Por que as roupas femininas têm menos bolsos do que as masculinas?
É tão incomum uma peça de roupa feminina ter bolsos realmente úteis que, quando eles existem, as mulheres não hesitam em exaltar esse detalhe. Mas por que, mesmo atualmente, vestidos e calças femininas costumam ter bolsos pequenos ou meramente decorativos? A resposta está na história da mulher na sociedade.
De acordo com João Braga, professor de história da moda da FAAP (Fundação Armando Alvares Penteado), de São Paulo (SP), a indumentária masculina ganhou bolsos depois de Napoleão Bonaparte, no século 18, quando surgiram os documentos pessoais e a necessidade de carregá-los sempre consigo. "Até então, homens e mulheres usavam apenas um acessório, chamado esmoleira, uma espécie de saquinho para carregar moedas para dar aos necessitados", explica o especialista.
Durante a Revolução Industrial, que aconteceu entre os séculos 18 e 19, houve também uma grande mudança na maneira dos homens de se vestirem. Peças muito enfeitadas deram lugar a roupas mais práticas e em cores sóbrias, porque o provedor saiu de casa para trabalhar nas indústrias. "Ele precisava levar seus pertences, seu dinheiro, de uma maneira prática. Essa revolução trouxe, então, a conscientização da necessidade de um bolso na roupa", fala Braga.
As peças femininas, no entanto, não mudaram muito desde a Revolução Francesa em relação aos bolsos. As roupas apertadas com espartilhos não tinham espaço para o detalhe ou para acomodar uma carteira interna, como era o costume na Idade Média, mas isso não fazia muita diferença. Afinal, mulheres estavam restritas ao ambiente doméstico e não precisavam carregar dinheiro ou qualquer coisa "útil" consigo. "E, quando saíam, levavam, por tradição e por ser considerado chique, uma pequena bolsa, onde tinha um espelho, uma caderneta e o leque", afirma o professor.

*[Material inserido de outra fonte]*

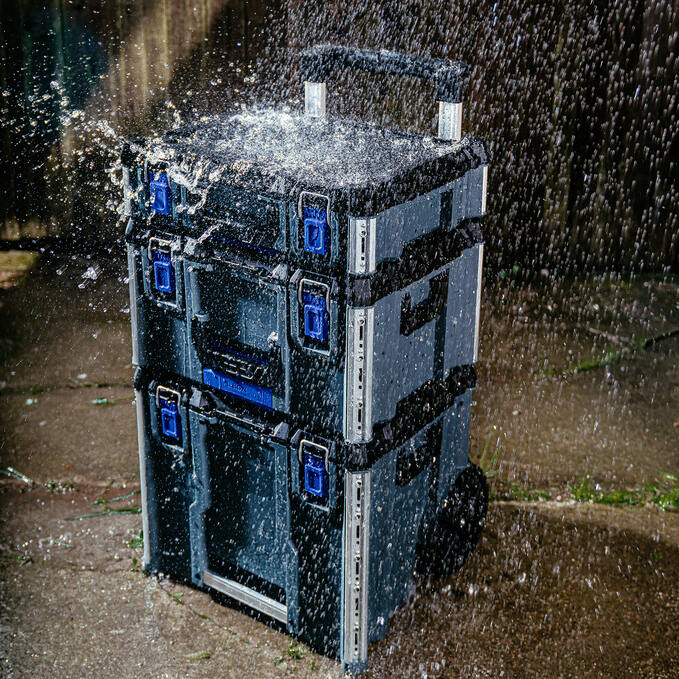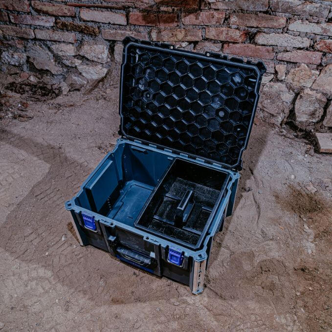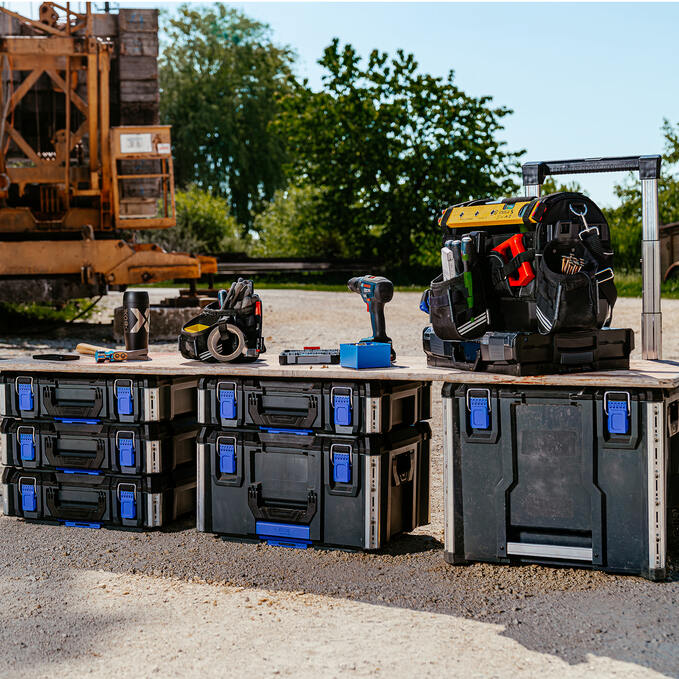 Und weil der Werkzeugkoffer voll kompatibel mit dem L-BOXX Contractor und dem ProClick System sowie der millionenfach bewährten L-BOXX Baseline ist, wird aus einzelnen Komponenten ein perfekt abgestimmtes System, das mitdenkt. Die integrierten Aluminiumschienen sorgen für Stabilität und dienen als Andockpunkt für ProClick Werkzeugtaschen, die M6-Gewinde erweitern die Möglichkeit noch mehr Zubehör sicher zu transportieren - und der Innenraum des stabilen Werkzeugkoffers punktet mit viel Platz. Optionale Trennstege oder die im Lieferumfang entahltene Einhängekiste für Kleinteile mit Schnellzugriff garantieren eine flexible Unterteilung und bringen Struktur ins Werkzeugchaos. Und das wetterfeste Gehäuse (IP65) hält zuverlässig, was es verspricht. Und wenn Du willst, geht noch mehr: Per Klickmechanismus stapelbar, dank Cubingkonzept als stabiler Unterbau für Deine mobile Arbeitsfläche erweiterbar - so bringst Du Flexibilität und Effizienz dorthin, wo sie gebraucht werden. Und wenn Sicherheit auch noch eine Rolle spielt - dann kannst Du dank Safety Lock Deinen Werkzeugkoffer einfach mit zwei optionalen Vorhängeschlössern absperren.

A falta de bolsos nas roupas femininas trazia implicações reais. Ela não podia deixar a casa sem a companhia do pai ou do marido, uma vez que o dinheiro ficava com os homens da família. Um artigo publicado no jornal "The New York Times", em 1899, chega a fazer piada sobre o assunto: "Na medida que ficamos mais civilizados, precisamos de mais bolsos [...]. Ninguém que não usa bolsos se tornou importante depois que eles foram inventados, e o sexo feminino não será páreo para nós [os homens] enquanto usar roupas sem bolsos".
O feminino de bolso
Com o estouro da Primeira Guerra Mundial, em 1914, os homens foram para o front e a mulher teve que tomar seu lugar como força de trabalho. A nova função dela transformou seu guarda-roupa: o espartilho deixa de ser necessário, uma vez que atrapalha suas atividades em uma fábrica ou no escritório, e os bolsos se tornam uma constante na roupa feminina desde então. "É por isso que o bolso surge como um símbolo da emancipação das mulheres. Eles aparecem quando ela torna mais dona de si, ganha seu próprio dinheiro", reflete João Braga.

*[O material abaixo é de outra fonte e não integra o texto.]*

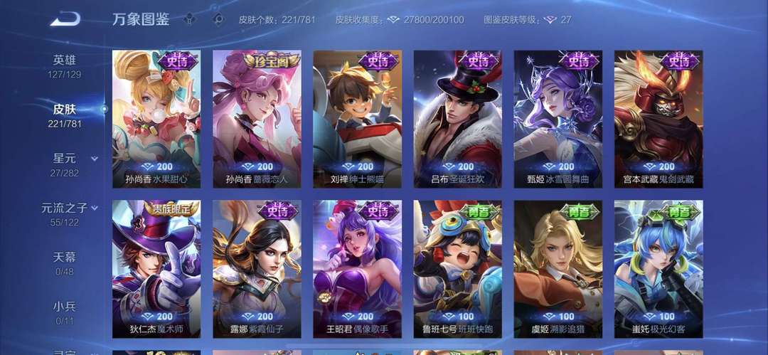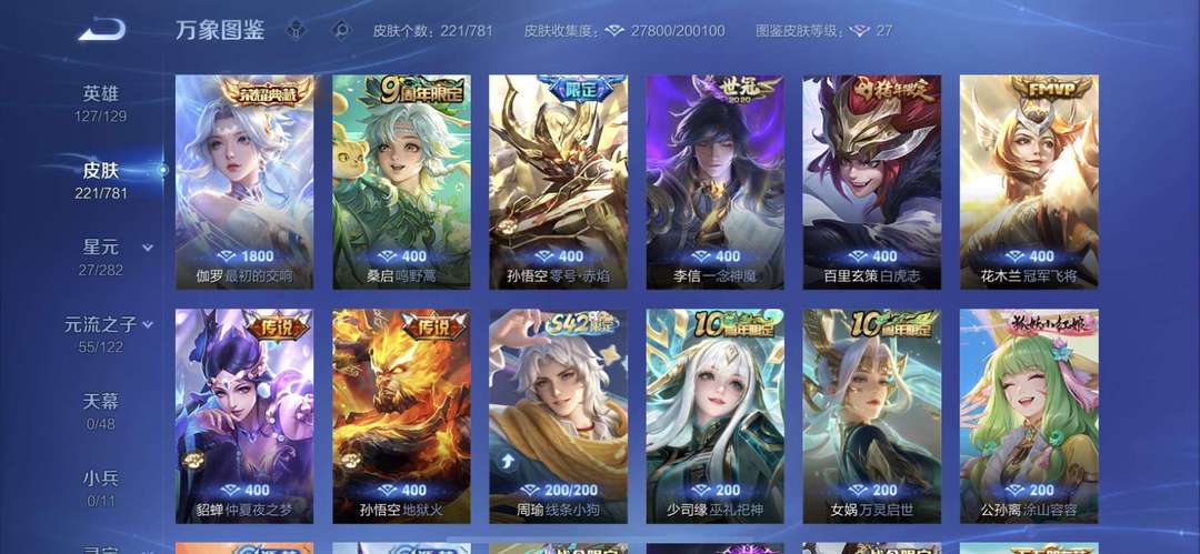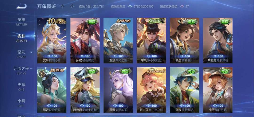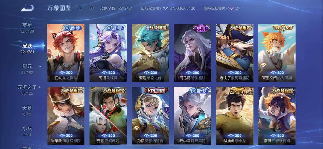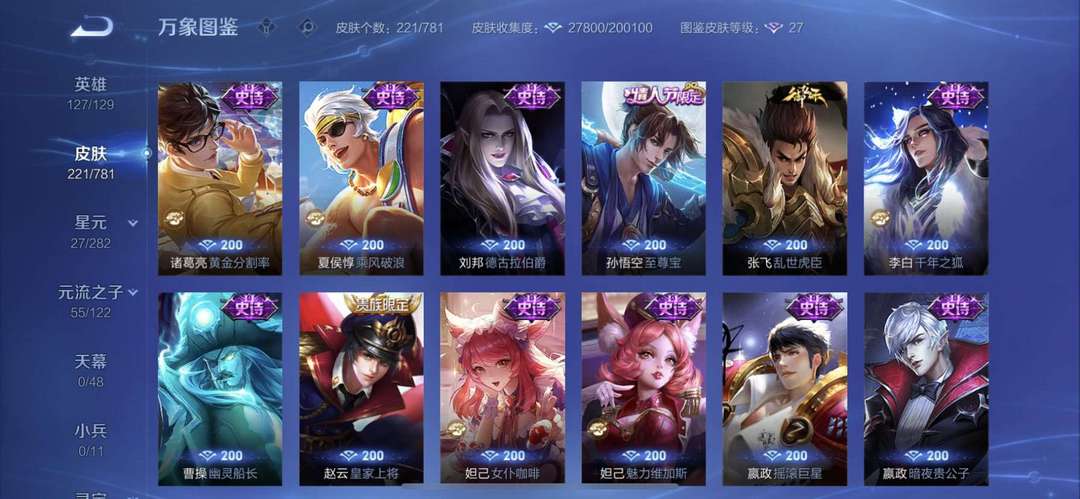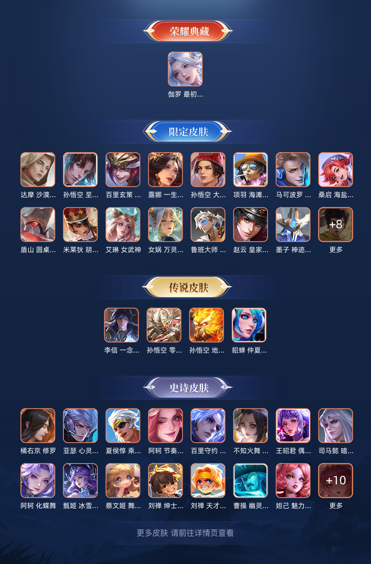 227皮肤,128英雄,最初的交响,仲夏夜之梦,地狱火,至尊宝,零号·赤焰,一念神魔,白虎志

O professor pontua, no entanto, que, enquanto as roupas do período de guerra eram práticas e atendiam às necessidades das mulheres naquela situação, o fim da Segunda Guerra Mundial voltou a trazer peças extremamente femininas e delineadas. E, nesses looks, não havia espaço para praticidade.
O estilista Christian Dior teria dito, em 1954, que "homens têm bolsos para guardar as coisas. As mulheres, para decoração". De acordo com o professor, a frase pode sintetizar uma mentalidade sobre o que a roupa deve ser para a mulher. "Deduz-se que ela gosta de se sentir mais sensual e esses detalhes das peças que não são enfeites, mas são uma necessidade, passam a ser menores para não interferir na silhueta e valorizar as curvas do corpo", explica. As roupas femininas deixariam, então, de ser práticas para serem principalmente bonitas.
Nos tempos atuais, bolsos pequenos ou a ausência do detalhe são considerados, por algumas feministas, como um resquício do sexismo vivido pelas mulheres. Como é o caso da noiva que decidiu colocar bolsos em seu vestido e nos das madrinhas, cuja foto viralizou. "A gente queria se divertir tanto quanto os homens na festa", disse a autora da ideia.
"A mulher considera-se, atualmente, igual ao homem e quer estar tão equipada quanto ele, por isso consideram o bolso decorativo como algo ofensivo", afirma Braga. "Elas querem igualdade e que as coisas deixem de serem divididas entre 'de homem' e 'de mulher'. Inclusive a praticidade na hora de se vestir".